YOUR ASSIGNMENT — Each line of the data below should be restated exactly, with images left out.

DATA PROVIDED —

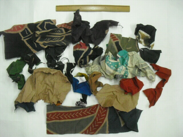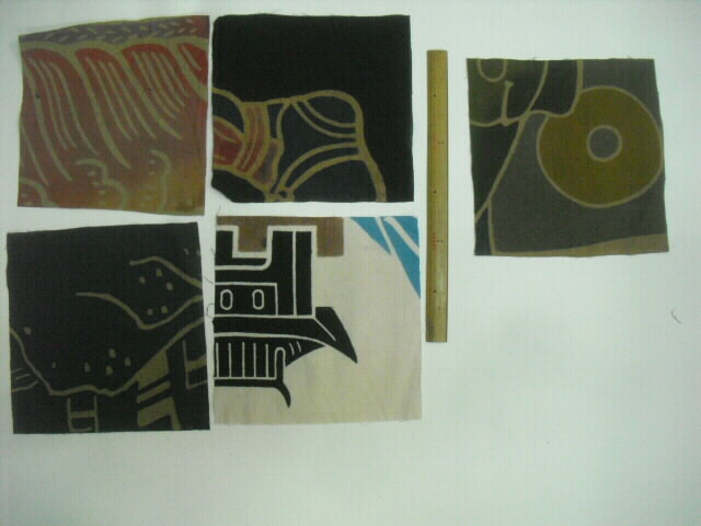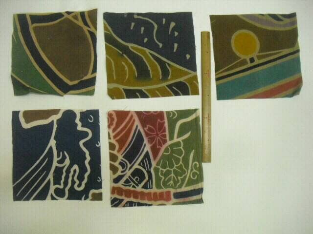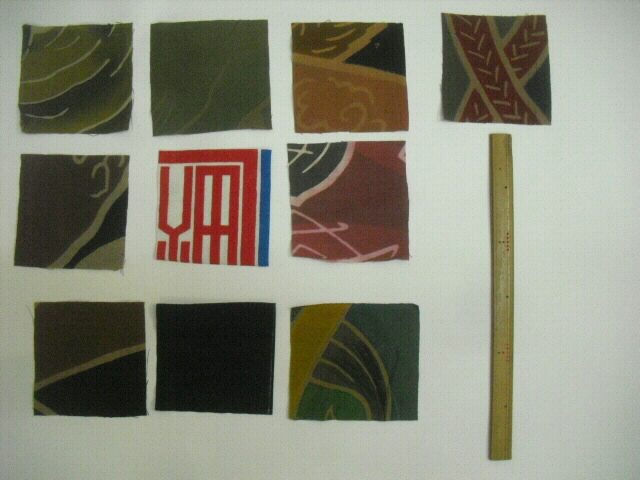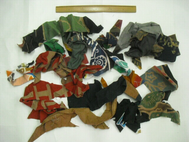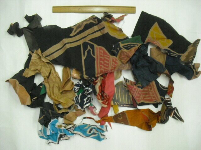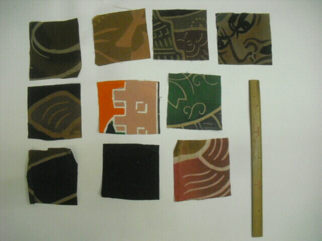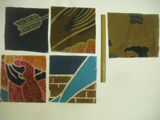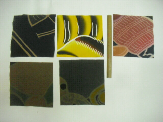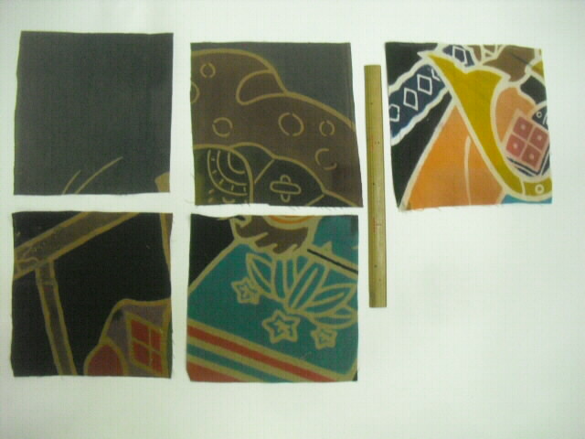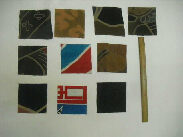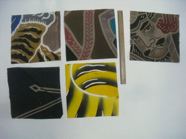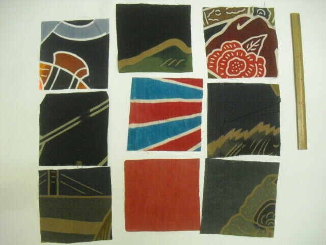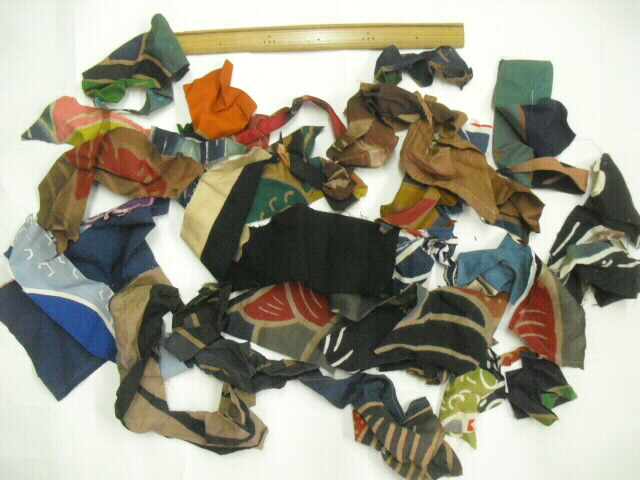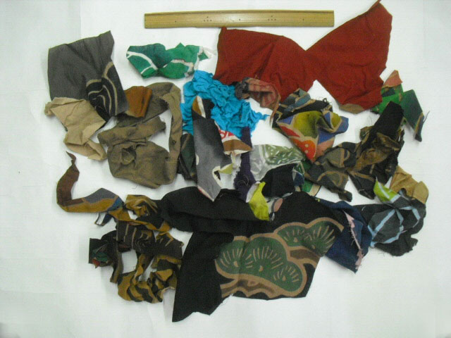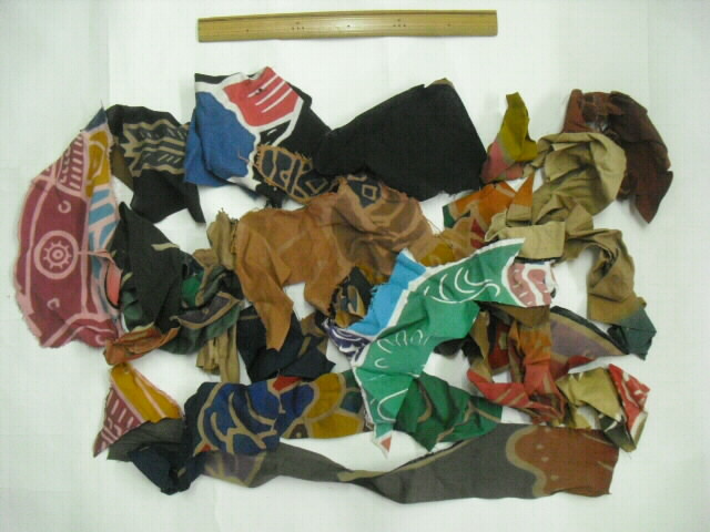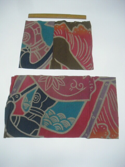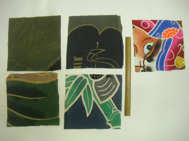 武者絵のぼり、大漁旗のハギレをセットにしたものです。柿渋染めハギレも入れています。
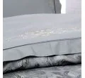 Delikatna szaro srebrna kolorystyka jak również ciekawe wzornictwo na pościeli tworzy piękną kompozycje, która przypadnie do gustu wszystkim romantykom którzy lubią unikatowe wzory. Luksusowa pościel model Emperium uosabiająca minimalizm a zarazem połączona z efektownym wykończeniem symbolizująca elegancje i luksus sprawi,że każda noc będzie niezapomniana.
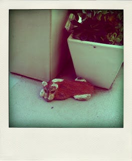I just went away for the weekend and stayed with my Aunt and Uncle and younger cousins. While I was there I was quite astonished, and a little moved, when I walked out on the back patio of their nice new house and spied this, curled up at the base of some pot plants:
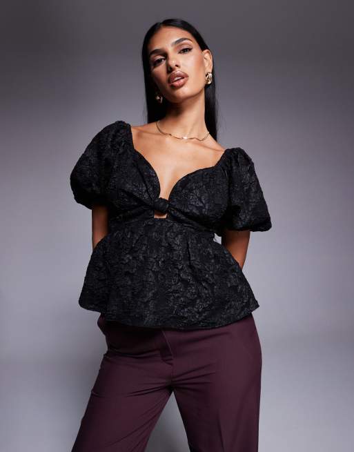 New Look – Oberteil in Schwarz mit Jacquard-Muster und Puffärmeln

SOLUTION TO THE EXERCISE —
 武者絵のぼり、大漁旗のハギレをセットにしたものです。柿渋染めハギレも入れています。
 Delikatna szaro srebrna kolorystyka jak również ciekawe wzornictwo na pościeli tworzy piękną kompozycje, która przypadnie do gustu wszystkim romantykom którzy lubią unikatowe wzory. Luksusowa pościel model Emperium uosabiająca minimalizm a zarazem połączona z efektownym wykończeniem symbolizująca elegancje i luksus sprawi,że każda noc będzie niezapomniana.
I just went away for the weekend and stayed with my Aunt and Uncle and younger cousins. While I was there I was quite astonished, and a little moved, when I walked out on the back patio of their nice new house and spied this, curled up at the base of some pot plants:
 New Look – Oberteil in Schwarz mit Jacquard-Muster und Puffärmeln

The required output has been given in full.